Loyal readers may understand, sadly, that Geezer's primary attraction to climbing stairs for fitness has much to do with the price of equipment. But climbing stairs is not just inexpensive: it's surprisingly good for us. Honest. Just ask Dr. Harvey Simon, associate professor of medicine at Harvard Med School, who writes in the New York Times Consults blog that stair climbing is one of the best-kept secrets in preventive medicine. Simon makes the claim that taking care of a two- or three-story home is one reason American
women outlive their husbands by an average of more than five years. He also cites a Harvard Alumni Study that found that men who average at least eight
flights a day enjoy a 33 percent lower mortality rate than men who are
sedentary.
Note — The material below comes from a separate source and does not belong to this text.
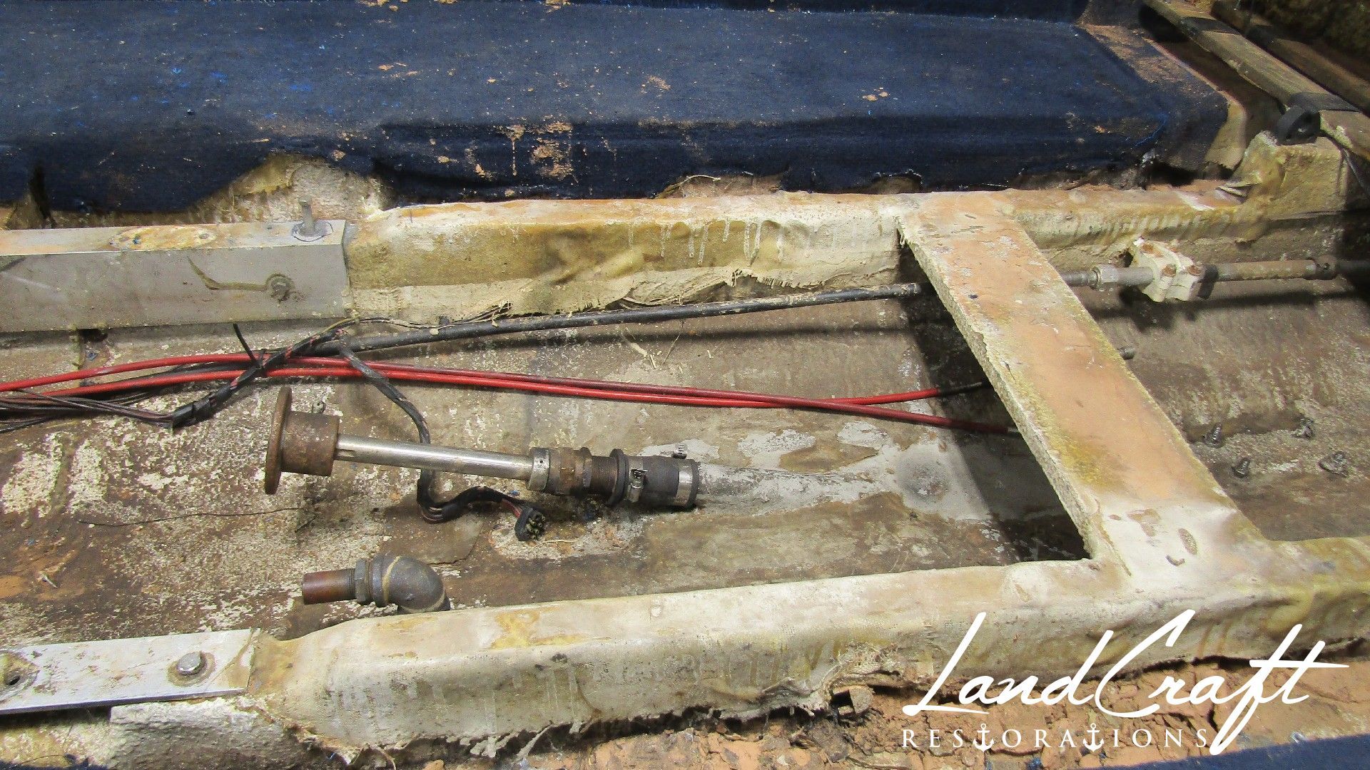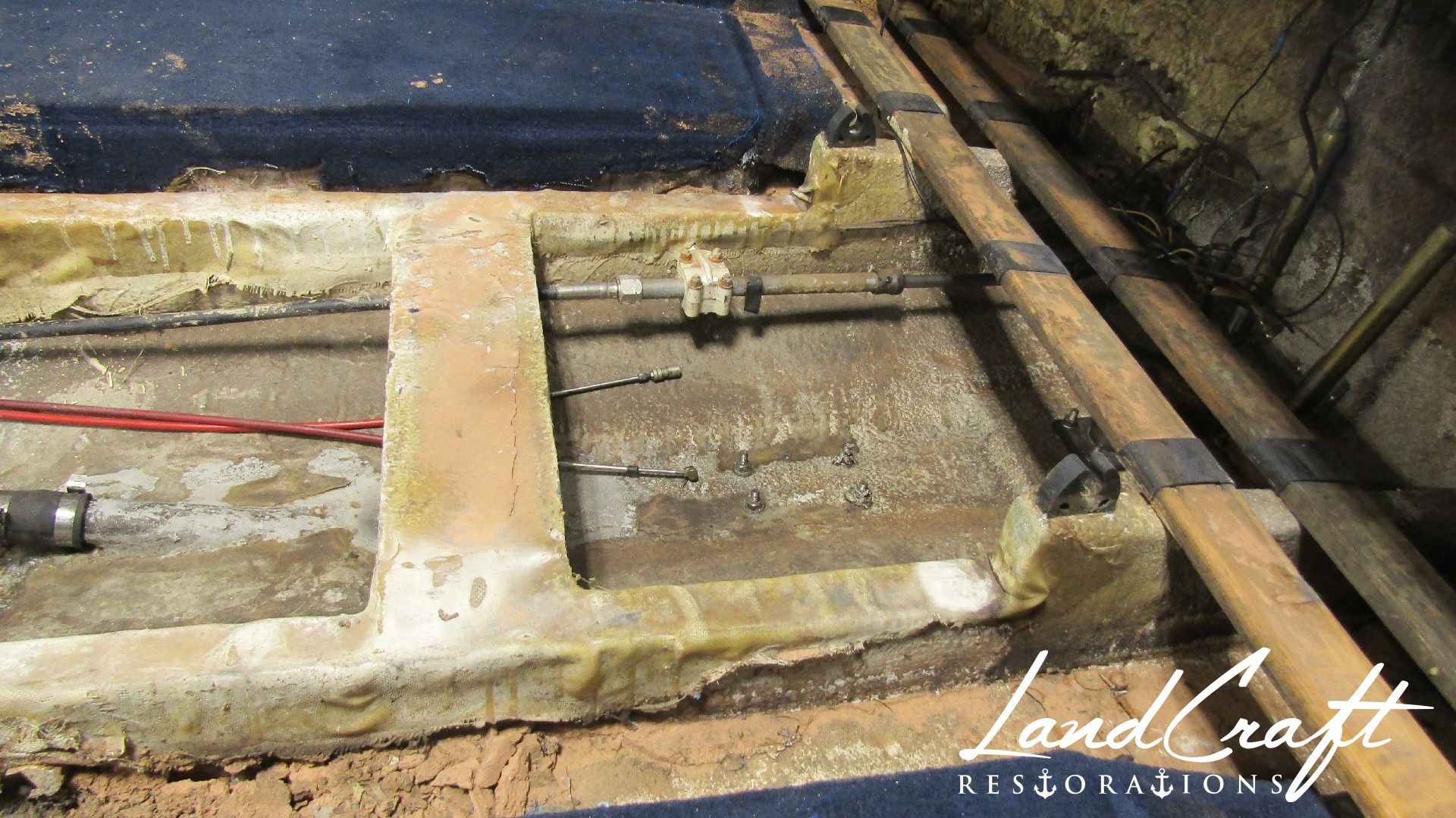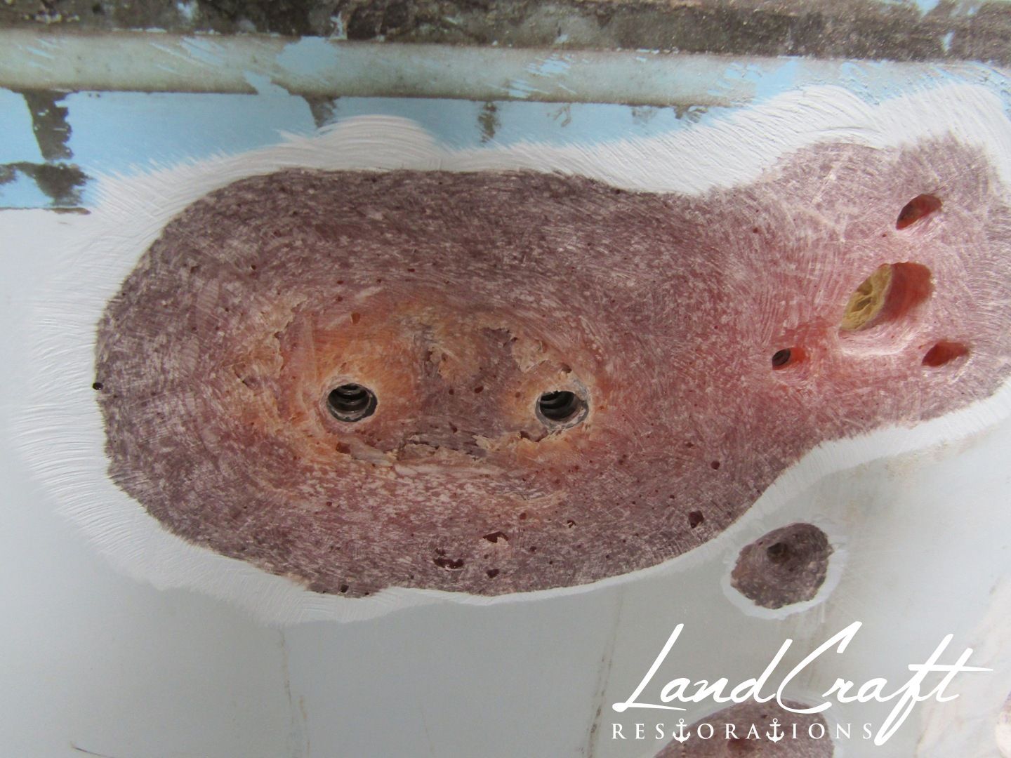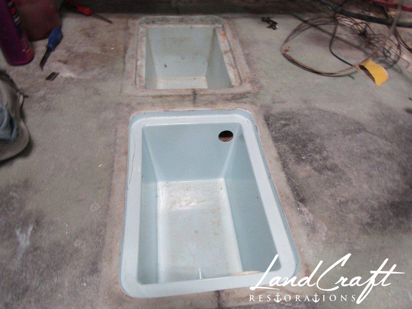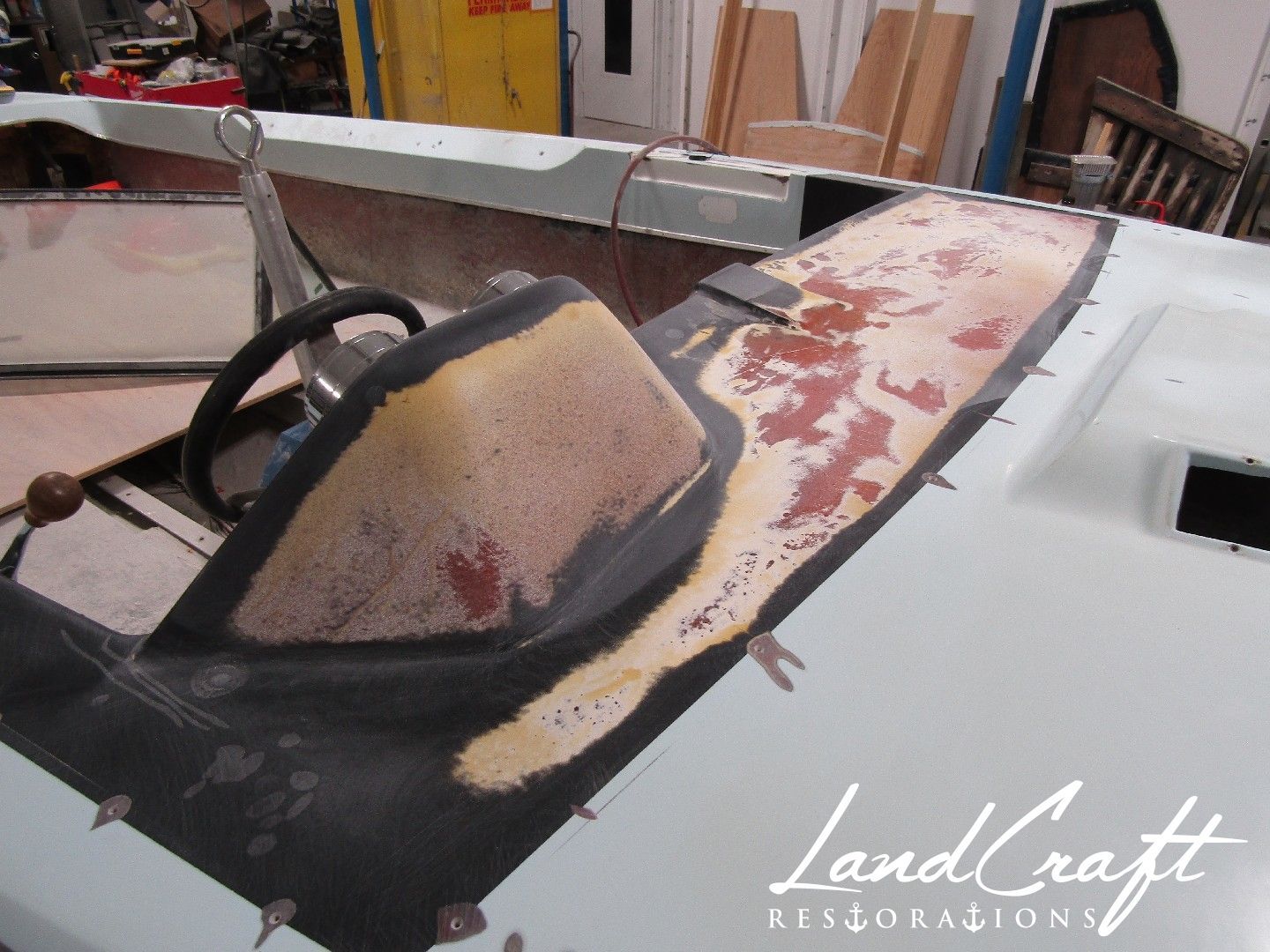 The photos start with the careful removal of the original ornamentation and show upper hull refinishing work before the top cap was lifted to remove the entire rotted wood floor. The Rally was sandwich core balsa constructed which required that sections of the damaged core be replaced as needed to restore a proper hull core. From there, bulkheads were replaced, a new gas tank installed, the transom was re-cored, flotation foam and a new floor also installed. The boat originally had dark blue berber carpeting which we replaced with an upgraded and more durable marine carpeting. The outer hull bottom required fiberglass and gelcoat repair, the original snaps for canvas were removed and holes patched, then we refurbished the original gelcoat and spot-repaired where needed. The windshield was refinished in the original brown color and the instrument panel was updated, refurbished and upgraded. The original steering wheel, hand rails, compass binnacle cover, horn, and cleats were all restored to original condition. The original combo bow light came in with melted plastic lenses and missing hardware—LandCraft® custom fabricated new lenses and retrofitted a new base to the original housing. New teak hatches were custom built for the rear storage compartments, giving the boat even more vintage appeal. New teak trim was custom fitted and installed around the consoles, and brightwork done to any remnants of original teak. Numerous original upholstery pieces were rotted, so the framing was rebuilt and wrapped in marine vinyl that was custom dyed to match the original upholstery. The extra padding of panels required a lot of finesse in the installation process, and you can see much of the interior is upholstered in the custom dyed, imprinted, pleated and button-tucked marine vinyl. The boat has been completely re-wired and also has new rubrail, a new bilge pump, new outboard engine, and more storage space with a custom rear hatch installed over the bilge compartment. The original decals were custom designed and reproduced for this boat, striping re-done to factory specs, a new custom canvas mooring cover and bimini top installed, and a new trailer custom built and painted to match the original.

But the heart of Simon's endorsement of stair climbing comes from a Canadian study that monitored 17 healthy
male volunteers with an average age of 64 as they walked on the
level, lifted weights or climbed stairs. Stair climbing, the researchers found, was the most
demanding exercise–twice as taxing as brisk walking on the level and 50
percent harder than walking up a steep incline or lifting weights.
And what about walking down stairs? Simon says that going down does help, mainly because we use different muscles going down than we use going up, but the descent burns less than a third as many calories as the climb. Geezer believes it's not worth discussing: What goes up, must come down.